Our society places a high premium on so-called 'internal consistency,' i.e., I may strongly disagree with someone, but in the end, so it goes, I can't be bothered because you have reasons for you choices, and in your individual moral system, those choices have some semblance of coherence. Anything goes if it has an explanation (no matter how poor). Relativism at its worst. Be true to yourself. That's the highest virtue. We think we're so forgiving, in this society of ours that advocates for free love, freedom of choice, freedom of speech, 'open relationships,' loose boundaries, few formal rules, and relatively minimal social stigma. But that isn't forgiveness. It's indifference. Real mercy isn't a business transaction. And it isn't a declaration that every choice is equal[ly immaterial] either. Forgiveness is a wiping clean, a gift. Contrary to Shakespeare's famous words in The Merchant of Venice, the quality of mercy is indeed often strained, because an injury or transgression leaves real pain, real loneliness, confusion, anger, fear, and betrayal in its wake. More often than not, we in our modern world don't know what real mercy is because we expect it to work like a neat little balanced equation. Forgive us our trespasses...and I'll forgive yours. 
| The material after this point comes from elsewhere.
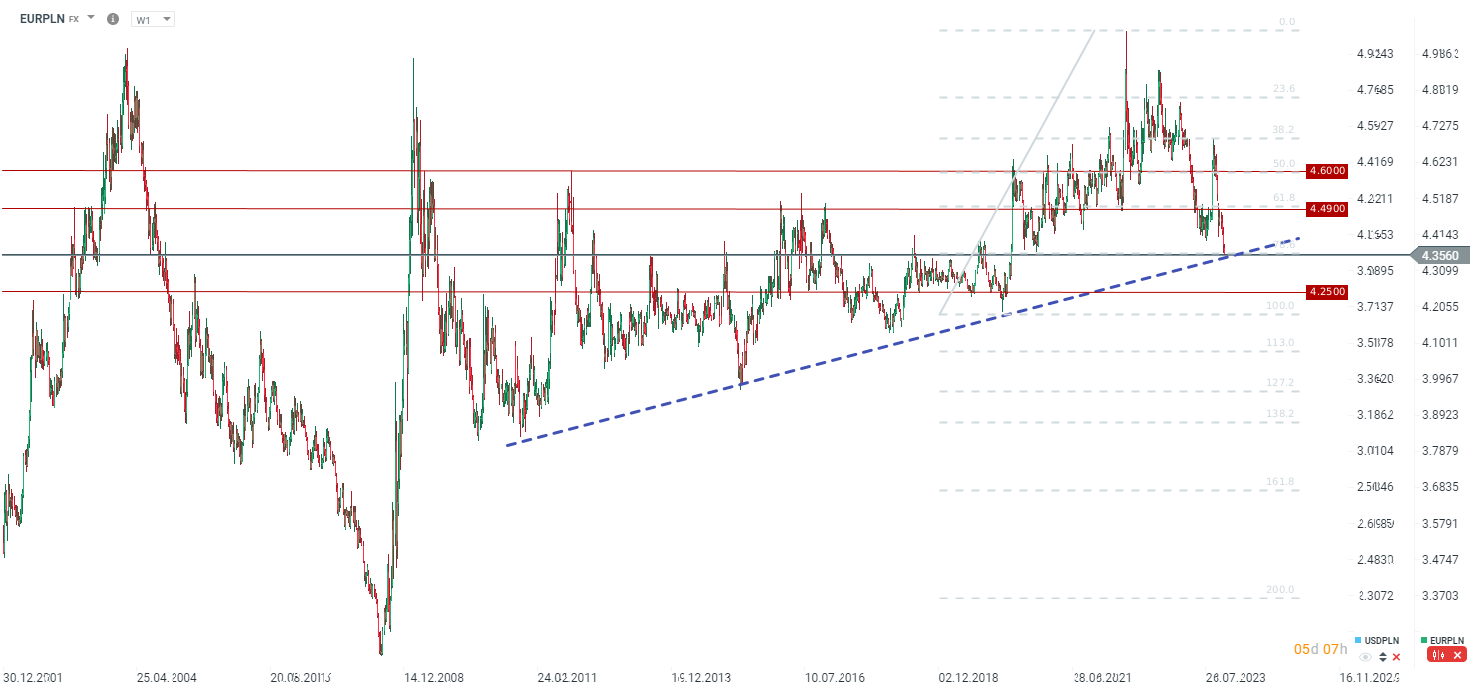 Jak wskazują doniesienia z UE, w przyszłym miesiącu może dojść do zatwierdzenia wypłaty pierwszej transzy środków z KPO w kwocie ponad 5 mld EUR. Co ciekawe, do zatwierdzenia ma dojść nawet pomimo braku spełnienia niektórych kamieni milowych, do których zobowiązania była Polska. "Kamienie milowe" miały dotyczyć m.in. sądownictwa. Tymczasem dobre nastroje globalne oraz czynniki wewnętrzne związane z potencjalnym zastrzykiem gotówki dla Polski powodują dalsze umocnienie złotego. EURPLN testuje okolice poziomu 4,35. Obecnie testowane jest ważne wsparcie związane ze wzrostową linią trendu oraz zniesieniem 78.6 ostatniej dużej fali wzrostowej na parze. Po przekroczeniu tego poziomu kolejne ważne poziomu to 4,30 oraz 4,25.

Reading can certainly be a tool of learning in the school of mercy, but we ought to be cautious of entrapping ourselves in the modern gospel of 'understanding.' Understanding may be a tool for peace, but in reality that can only be accomplished with love. When we read, how often do we ask ourselves what we seek? It should not simply be to know, to understand, but to grow in love and virtue. In the end, we should seek to know true mercy.